An exact copy of every record below is required, with the pictures left out.

━━━━━ Input records

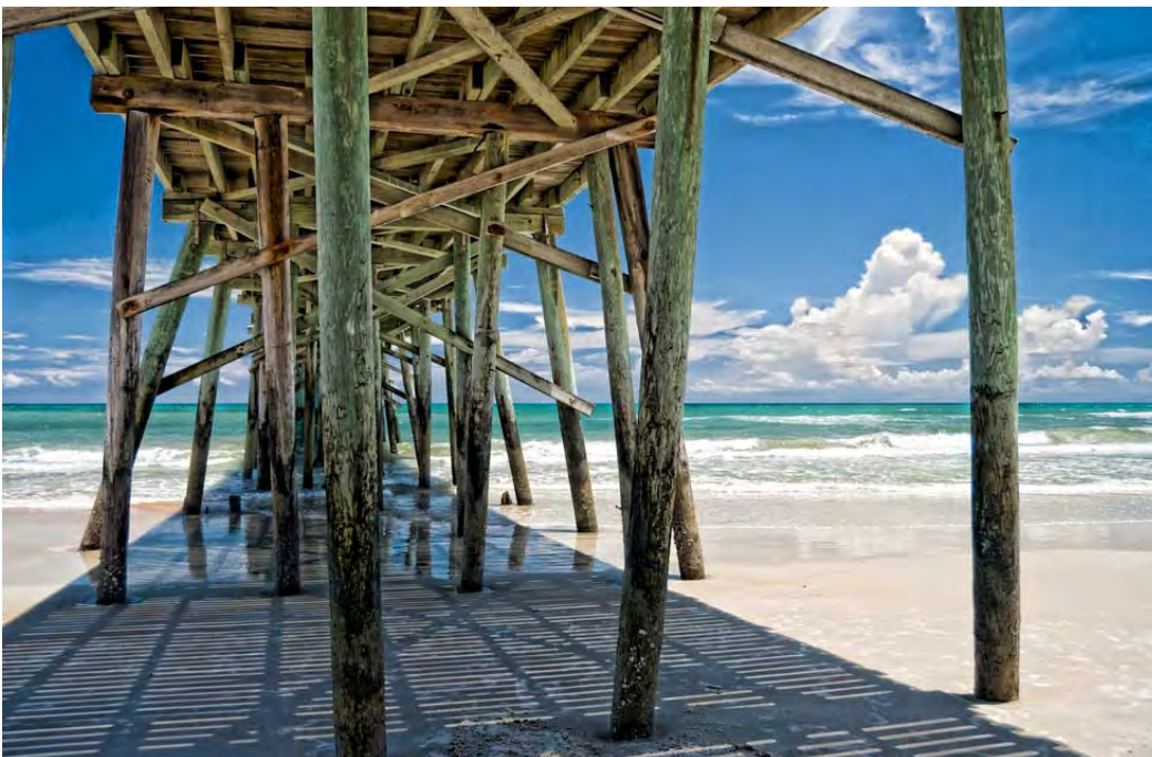
Photo left, Flagler Pier (Best of Show, 2010)

FCAL's second annual photography show is coming up soon! The registration deadline is April 27, and drop-off is on May 11. The show's opening reception will be held May 14, 6-9 p.m.
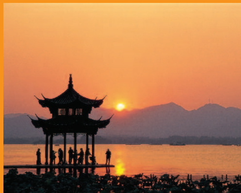
Left: Markets and shops, Shanghai
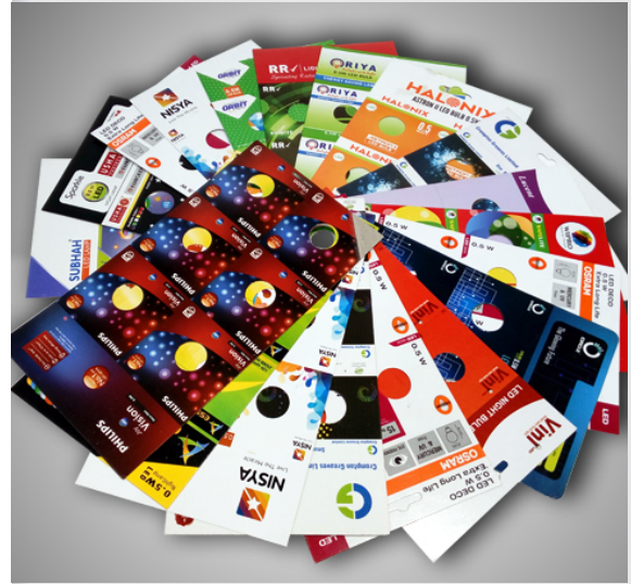
BLISTER PACKAGING CARD
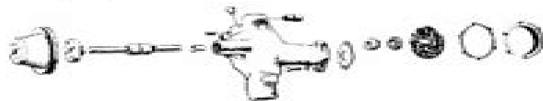
352", 390", 410", 427", 428", 430", 462" ENGINES WATER PUMP
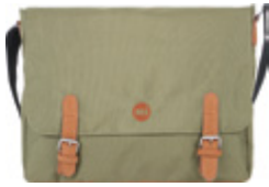
CLASSIC KHAKI NEW 740470-A01
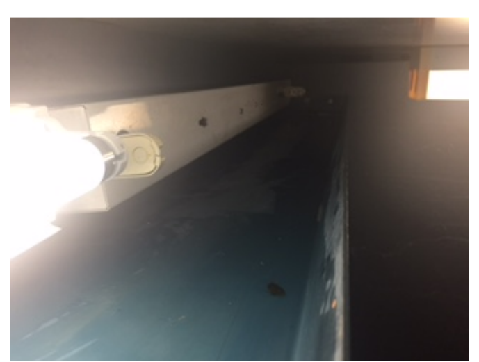
Remediation area - Lift
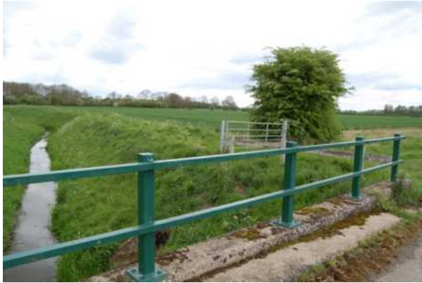
3.2 Till drain looking north
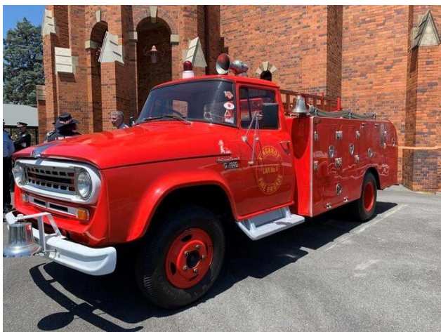
Firefighters Remembrance Day at St Brigid's Red Hill, Brisbane to honour those who have lost their lives protecting others 10 October 2021
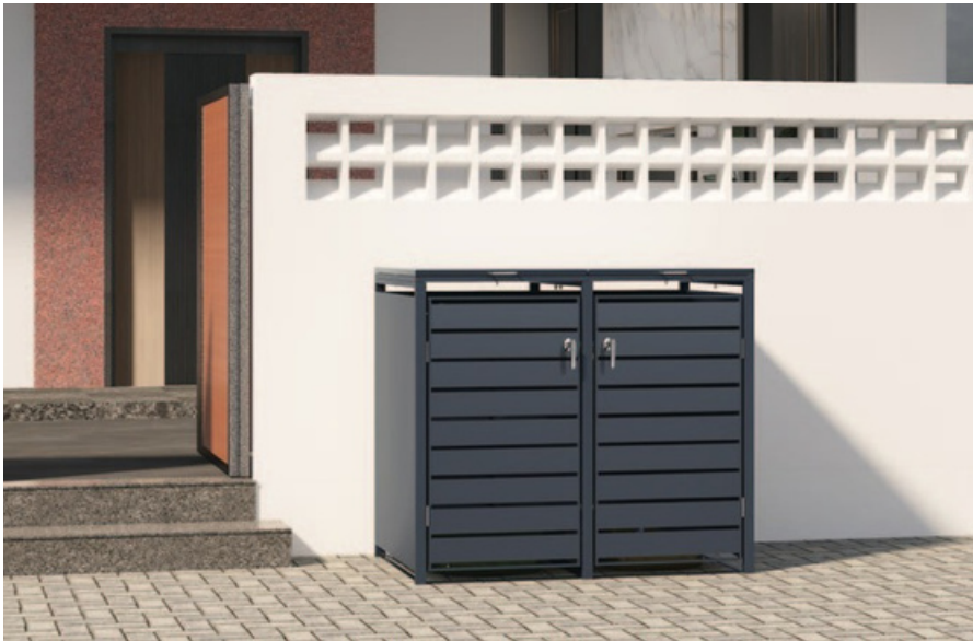
Anthracite RAL 7016
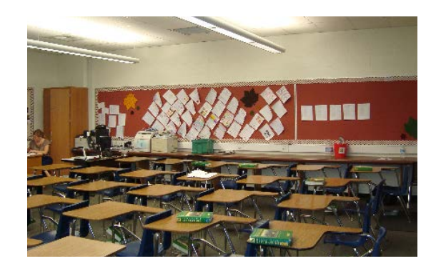
Upgrade classrooms and technology.
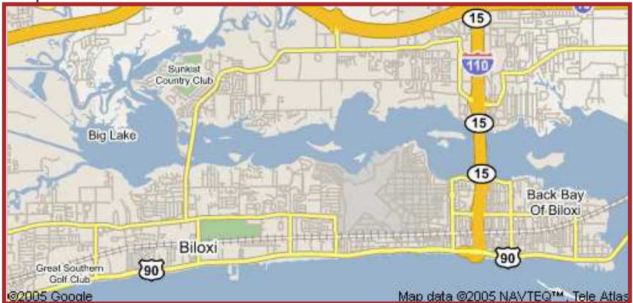
Map 2: Biloxi

Biloxi City's narrow peninsula has a complex land-use structure, which consists of a mixture of hotels, motels, restaurants, and bars that are entangled with residential areas and the Kessler Air Force Base, with its 4,668 members of the armed forces. Eight gambling casinos were located offshore, along scenic highway 90, before being destroyed by the storm. The population of Harrison County is about 189,601 with African Americans comprising about 21% (39,984) of the residents, and Asians and Latinos comprising about 8%. About 28% (53,000) of the regional population lives in Biloxi City. African Americans (19%), Asians (5%), and Latinos (6%) comprise about 30% of central city population. This indicates that high levels of population decentralization are a characteristic feature of the Biloxi region. For example, about 74% of regional whites, 76% of black, and 60% of Asians and Latinos live in the suburban region. This pattern appears typical of small cities and towns in the south.
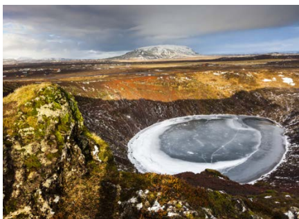
KERID CRATER, ICELAND
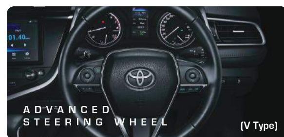
ADVANCED STEERING WHEEL
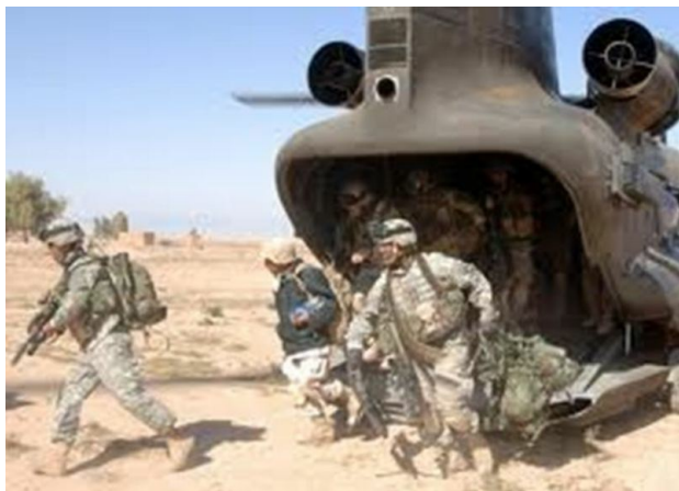
U.S. invasion of Iraq

The U.S. dollar, weakening as it is, still depends largely on the OPEC policy of demanding U.S. dollars for payment of OPEC oil. Just how strongly America will enforce this OPEC policy can be seen by the fate of those countries that have chosen to challenge it. "Saddam Hussein in 2000 insisted Iraq's oil be sold for euros, a political move, but one that improved Iraq's recent earnings thanks to the rise in the value of the euro against the dollar." 9 Three years later, in March 2003, America invaded Iraq. Two months after that, on May 22, 2003, Bush by executive order decreed that Iraqi oil sales would be returned from euros to dollars. 10
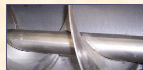
Screw conveyor and compression
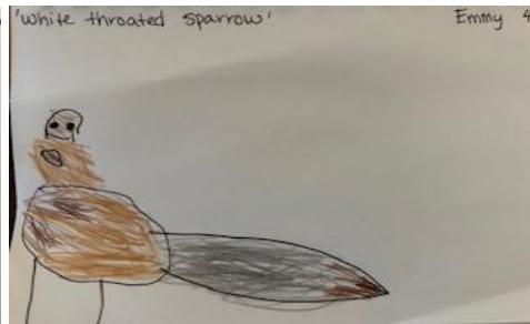
Emmy - Preschool
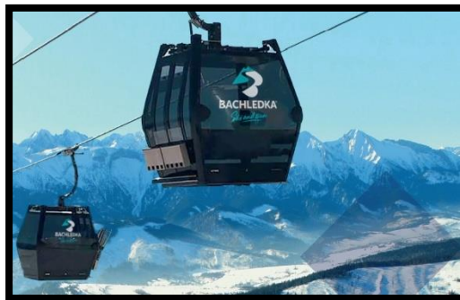
S K I I N G
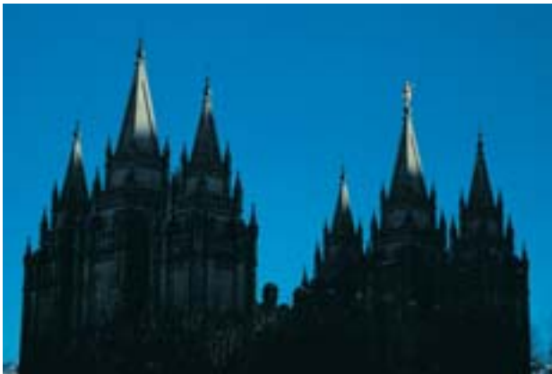
Salt Lake Temple by Alan Yorgason
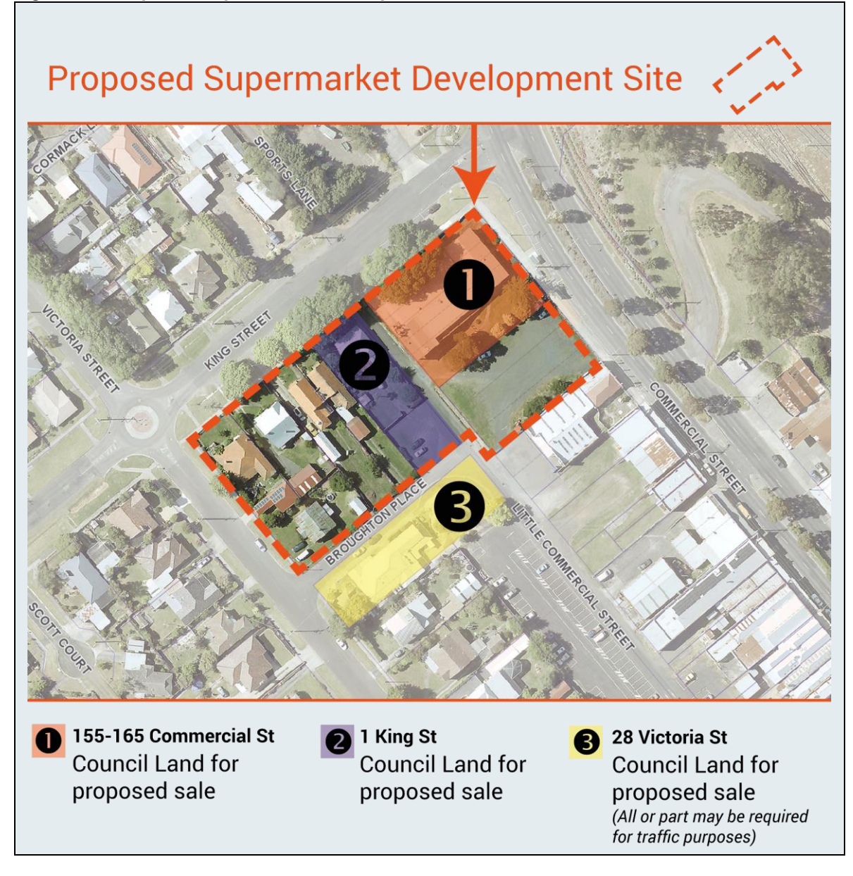
Figure 1 – Proposed Supermarket Development Site
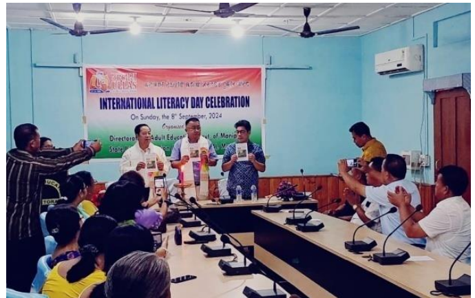
Release of pamphlet
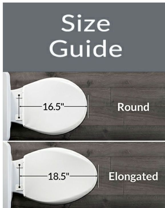
Image: Guide on how to measure your toilet seat to ensure correct sizing for Bemis products.
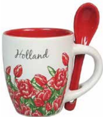
#060106 Espresso Mug w/ Spoon $9.95
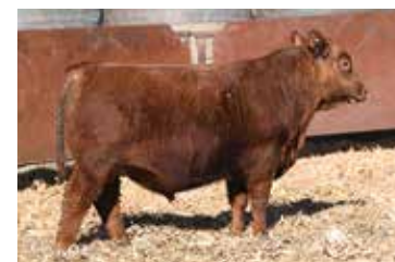
RIDGE VOYAGER 4558 Maternal Brother to Lot 48
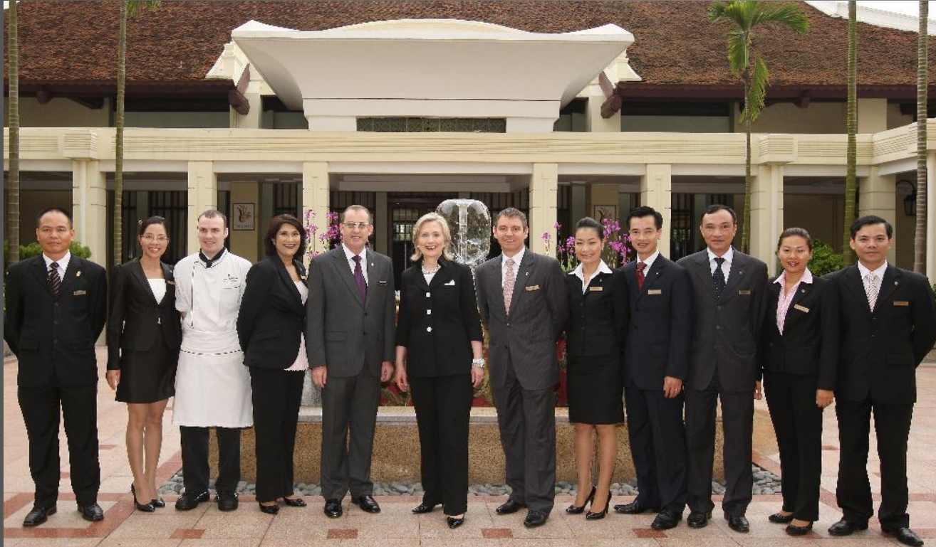
U.S. Secretary of State In July 2010
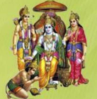
Sree Ramar Temple

Refulgence is not just a software solutions company. It's a 'Total IT Solutions' spot. What more? Place your order and leave it to us. We will provide the complete Hardware, Networking, Software and all accessories to you with support.
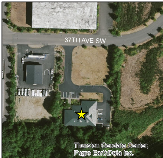
Thurston Geodata Center, Fugro EarthData Inc.
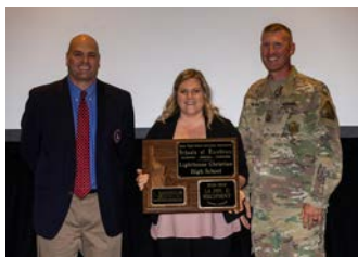
1A DII - Lighthouse Christian HS

The Idaho High School Activities Association is pleased to continue the “Schools of Excellence” Initiative, whereby schools earn points based on their varsity teams’ achievements in the classroom, at the competitive venue, and in the area of citizenship/sportsmanship.
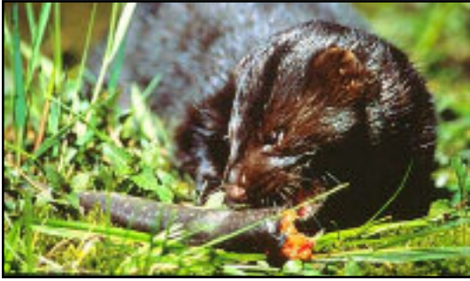
Introduced American Mink

Although the water vole may still remain locally common, the overall trend for the species is one of decline.
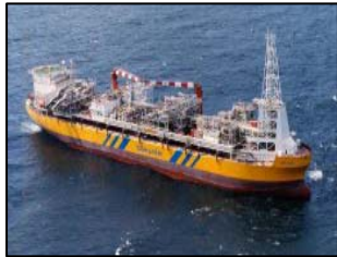
Bleo Holm FPSO
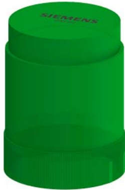
Flashlight element, with integrated LED, green, 230 V AC, Diameter 50 mm
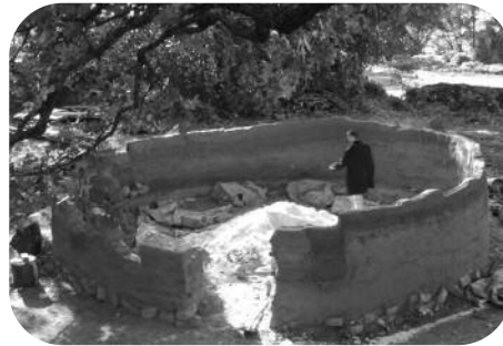
This adobe structure is half-finished

The Furniture Bank of Metro Atlanta is an Atlanta-based non-profit organization that distributes essential furnishings to people in need. ( www.furniturebankatlanta.org )
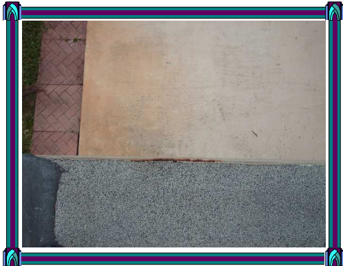
Rusted out flashing observed at flat roof.
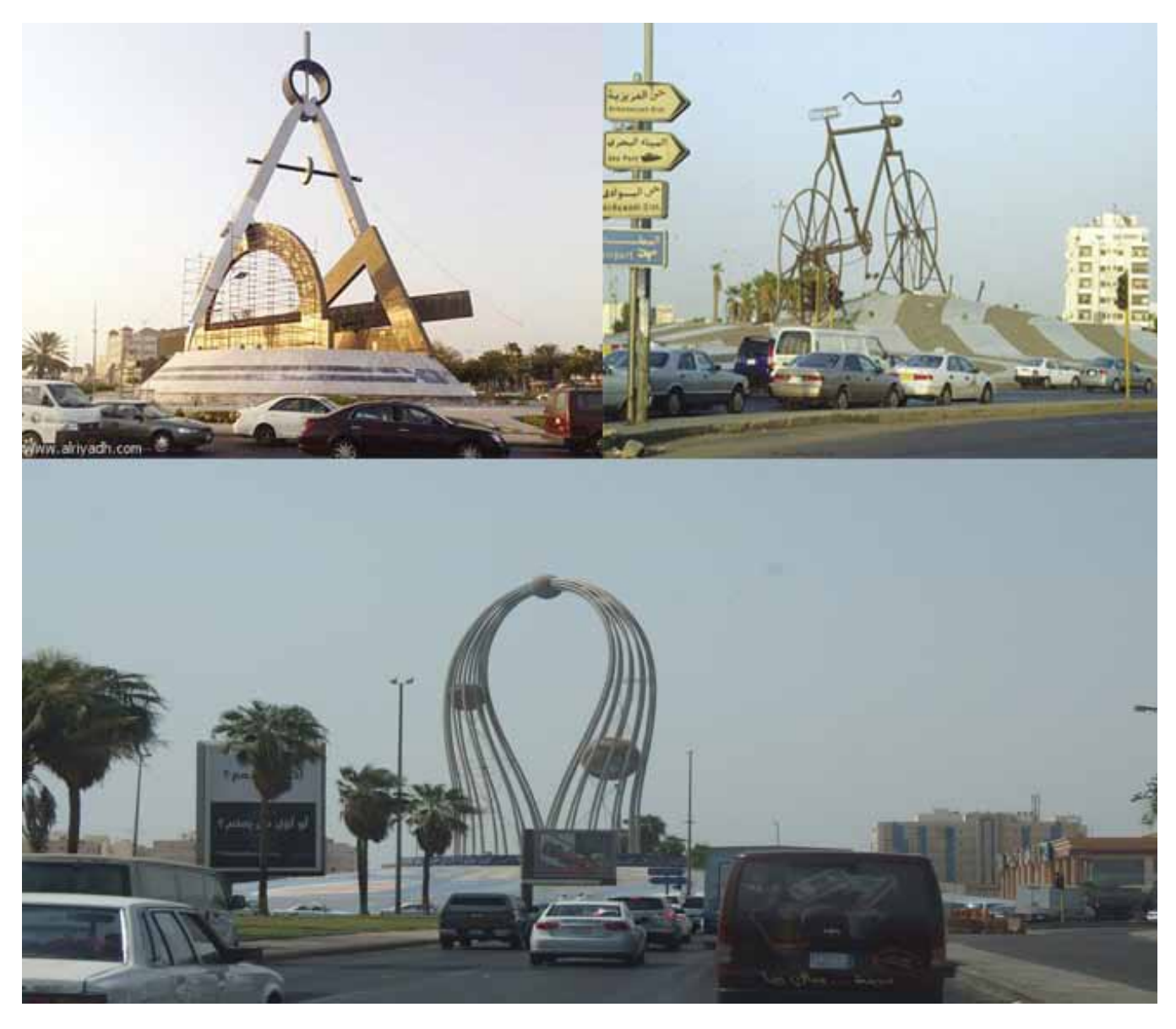
Fig. 3. Public artworks as urban landmarks in Jeddah. Above right: Al-Handdassa roundabout, above left Al-Darraga roundabout, Below: Al-Falak, roundabout
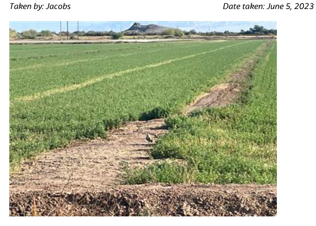
Photograph 9: Representative photo of owl in agricultural land.

Date taken: June 5, 2023
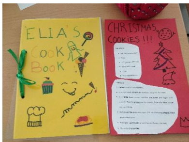
El Castellot Cook Books
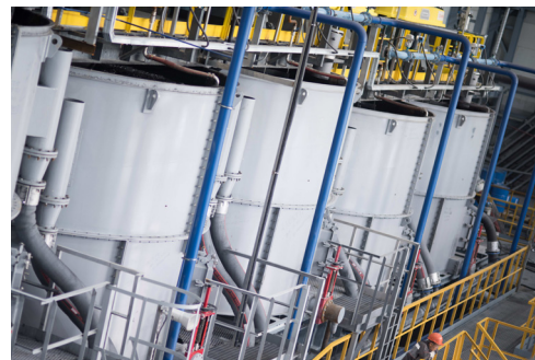
Mining project Kyzyl in the North-West Kazakhstan

In a challenging mining environment, one of the main tasks of the companies is maximizing operational availability. The use of reliable Endress+Hauser instrumentation helped Bakyrchik Mining Venture to optimize the mine drainage process and reduced ore extraction downtime.
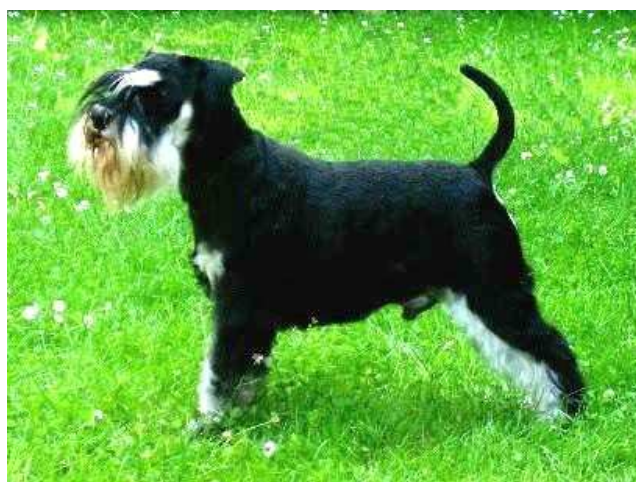
Ironman & Giorgio Armani Magic Merlin

━━━━━━━━━━

Response to the exercise.
Photo left, Flagler Pier (Best of Show, 2010)

FCAL's second annual photography show is coming up soon! The registration deadline is April 27, and drop-off is on May 11. The show's opening reception will be held May 14, 6-9 p.m.
Left: Markets and shops, Shanghai
BLISTER PACKAGING CARD
352", 390", 410", 427", 428", 430", 462" ENGINES WATER PUMP
CLASSIC KHAKI NEW 740470-A01
Remediation area - Lift
3.2 Till drain looking north
Firefighters Remembrance Day at St Brigid's Red Hill, Brisbane to honour those who have lost their lives protecting others 10 October 2021
Anthracite RAL 7016
Upgrade classrooms and technology.
Map 2: Biloxi

Biloxi City's narrow peninsula has a complex land-use structure, which consists of a mixture of hotels, motels, restaurants, and bars that are entangled with residential areas and the Kessler Air Force Base, with its 4,668 members of the armed forces. Eight gambling casinos were located offshore, along scenic highway 90, before being destroyed by the storm. The population of Harrison County is about 189,601 with African Americans comprising about 21% (39,984) of the residents, and Asians and Latinos comprising about 8%. About 28% (53,000) of the regional population lives in Biloxi City. African Americans (19%), Asians (5%), and Latinos (6%) comprise about 30% of central city population. This indicates that high levels of population decentralization are a characteristic feature of the Biloxi region. For example, about 74% of regional whites, 76% of black, and 60% of Asians and Latinos live in the suburban region. This pattern appears typical of small cities and towns in the south.
KERID CRATER, ICELAND
ADVANCED STEERING WHEEL
U.S. invasion of Iraq

The U.S. dollar, weakening as it is, still depends largely on the OPEC policy of demanding U.S. dollars for payment of OPEC oil. Just how strongly America will enforce this OPEC policy can be seen by the fate of those countries that have chosen to challenge it. "Saddam Hussein in 2000 insisted Iraq's oil be sold for euros, a political move, but one that improved Iraq's recent earnings thanks to the rise in the value of the euro against the dollar." 9 Three years later, in March 2003, America invaded Iraq. Two months after that, on May 22, 2003, Bush by executive order decreed that Iraqi oil sales would be returned from euros to dollars. 10
Screw conveyor and compression
Emmy - Preschool
S K I I N G
Salt Lake Temple by Alan Yorgason
Figure 1 – Proposed Supermarket Development Site
Release of pamphlet
Image: Guide on how to measure your toilet seat to ensure correct sizing for Bemis products.
#060106 Espresso Mug w/ Spoon $9.95
RIDGE VOYAGER 4558 Maternal Brother to Lot 48
U.S. Secretary of State In July 2010
Sree Ramar Temple

Refulgence is not just a software solutions company. It's a 'Total IT Solutions' spot. What more? Place your order and leave it to us. We will provide the complete Hardware, Networking, Software and all accessories to you with support.
Thurston Geodata Center, Fugro EarthData Inc.
1A DII - Lighthouse Christian HS

The Idaho High School Activities Association is pleased to continue the “Schools of Excellence” Initiative, whereby schools earn points based on their varsity teams’ achievements in the classroom, at the competitive venue, and in the area of citizenship/sportsmanship.
Introduced American Mink

Although the water vole may still remain locally common, the overall trend for the species is one of decline.
Bleo Holm FPSO
Flashlight element, with integrated LED, green, 230 V AC, Diameter 50 mm
This adobe structure is half-finished

The Furniture Bank of Metro Atlanta is an Atlanta-based non-profit organization that distributes essential furnishings to people in need. ( www.furniturebankatlanta.org )
Rusted out flashing observed at flat roof.
Fig. 3. Public artworks as urban landmarks in Jeddah. Above right: Al-Handdassa roundabout, above left Al-Darraga roundabout, Below: Al-Falak, roundabout
Photograph 9: Representative photo of owl in agricultural land.

Date taken: June 5, 2023
El Castellot Cook Books
Mining project Kyzyl in the North-West Kazakhstan

In a challenging mining environment, one of the main tasks of the companies is maximizing operational availability. The use of reliable Endress+Hauser instrumentation helped Bakyrchik Mining Venture to optimize the mine drainage process and reduced ore extraction downtime.
Ironman & Giorgio Armani Magic Merlin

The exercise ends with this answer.